Marybeth Gasman, director of the Penn Center for Minority-Serving Institutions, says that “Institutions that take more risks on students should be rewarded for taking those risks.”
PHILADELPHIA ― Launched in January, the Penn Center for Minority-Serving Institutions (CMSI), via the University of Pennsylvania Graduate School of Education, was created to highlight and advance the contributions of minority serving institutions (MSI) in higher education. The goals of the center include, among many, connecting academic and administrative leadership, advancing effective policies that strengthen MSIs, increasing development and support of students and faculty, and augmenting initiatives that aim to close achievement gaps in underrepresented groups.
Marybeth Gasman, a professor of higher education in the GSE and director of the center, explained the significance of an MSI designation and their specifics at higher education institutions in an interview with Diverse on Tuesday.
“In addition to interactively mapping online all the MSIs throughout the country, we will be able to then monitor the progress of Historically Black Colleges and Universities (HBCU), Asian American and Native American Pacific Islander-Serving Institutions (AANAPISI) and Hispanic-Serving Institutions (HSI), which have seen the most growth.”
Gasman went on to state that “once colleges reach designation percentages and federal monies are received, institutions can then support on-campus initiatives like the way Sacramento State University and De Anza Community College fund activism programs.”
The MSI designation also applied to community colleges, which, according to Gasman, amounts to about “half of all community colleges in the country.”
Thai-Huy Nguyen, a research assistant and current Ph.D. student at the University of Pennsylvania, currently is working on a report in conjunction with the Community College Research Center at Columbia that analyzes community college MSIs and compares testing, degree/certificate completion rates, transfer rates, and the relationships with four-year institutions to majority community college institutions. There is not much data addressing the underrepresented at the associate degree level, and the CMSI hopes to shed light on the lack of minorities graduating and/or transferring to four-year institutions. Gasman noted that “success rates among African-American males always are reported on, but [for] those that struggle, we need to know why that is and how to change that.”
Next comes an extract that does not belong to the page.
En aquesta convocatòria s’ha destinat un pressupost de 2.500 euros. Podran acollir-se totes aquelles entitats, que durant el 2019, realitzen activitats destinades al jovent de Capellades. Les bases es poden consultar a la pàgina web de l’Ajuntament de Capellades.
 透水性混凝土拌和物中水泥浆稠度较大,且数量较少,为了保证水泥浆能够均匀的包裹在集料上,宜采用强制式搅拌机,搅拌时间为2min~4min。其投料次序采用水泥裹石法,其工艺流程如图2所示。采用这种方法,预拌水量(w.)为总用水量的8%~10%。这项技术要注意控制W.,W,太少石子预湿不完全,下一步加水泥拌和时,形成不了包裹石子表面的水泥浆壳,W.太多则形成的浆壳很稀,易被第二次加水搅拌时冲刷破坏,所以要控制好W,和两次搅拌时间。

When asked about the proposed Obama administration college ranking system that intends to rate colleges and universities based on yet-to-be determined metrics and reward high performance, Gasman pointed out that “Institutions that take more risks on students should be rewarded for taking those risks. Institutions that are highly selective are not taking risks on students. They are accepting students that they think look perfect on paper. Why should we reward institutions that take no risks?”
Gasman looked at the pitfalls of such an approach as it could have been applied to her educational journey.
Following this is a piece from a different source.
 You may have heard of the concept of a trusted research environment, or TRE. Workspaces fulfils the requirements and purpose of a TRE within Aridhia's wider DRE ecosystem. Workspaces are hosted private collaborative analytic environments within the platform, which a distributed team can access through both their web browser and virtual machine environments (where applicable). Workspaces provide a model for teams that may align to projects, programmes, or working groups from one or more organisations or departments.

“We spend the least amount on students that need the most, and we spend them most on students that need it least. We need to flip that,” said Gasman, who reflected on her upbringing in a low-income household. “It costs more to educate me, and the country should invest in educating those who need extra help.”
The CMSI opened with three signature initiatives that are grant funded and plans to work on many more projects. One is funded by the Leona and Harry Helmsley trust; another is dedicated to HBCUs and STEM gateway courses where 10 schools will receive $50,000 each for capacity building money. The third is funded by the W.K. Kellogg Foundation that examines teacher education efforts at MSIs and culturally relevant pedagogy.
Gasman cites Paul Quinn College as an HBCU that has developed innovative ways to engage the media to bolster recruitment and matriculation.
“Things that HSIs are doing can be mirrored at an HBCU or a tribal college,” said Gasman. “Actively branding and rebranding MSIs can be challenging, and the successes should be modeled across the MSI spectrum.”
The CMSI also has a prominent online presence. It features a blog, MSIs Unplugged, that tackles such subjects as “Top 5 Social Media Tips for MSIs” by Oscar Cullen, a social media specialist and marketing senior from the University of Pennsylvania’s Wharton School of Business.
Soon a downloadable history of all the MSIs will be available along with a media tool kit that provides information about how to interact with the media in addition to a scholar’s tool kit where students can research institutions they are considering attending or conduct research on MSIs effectively. All downloads will be free of charge. Using available data and generating its own data, the CMSI is able to frame the information that is beneficial to the underserved.
Research assistant and UPenn higher education Ph.D. student Felecia Commodore says she understands the power of information.
“Faculty and administration need to have honest conversations about what is going on with minorities on their campuses so that the problems are exposed and data can be accurately analyzed,” she said.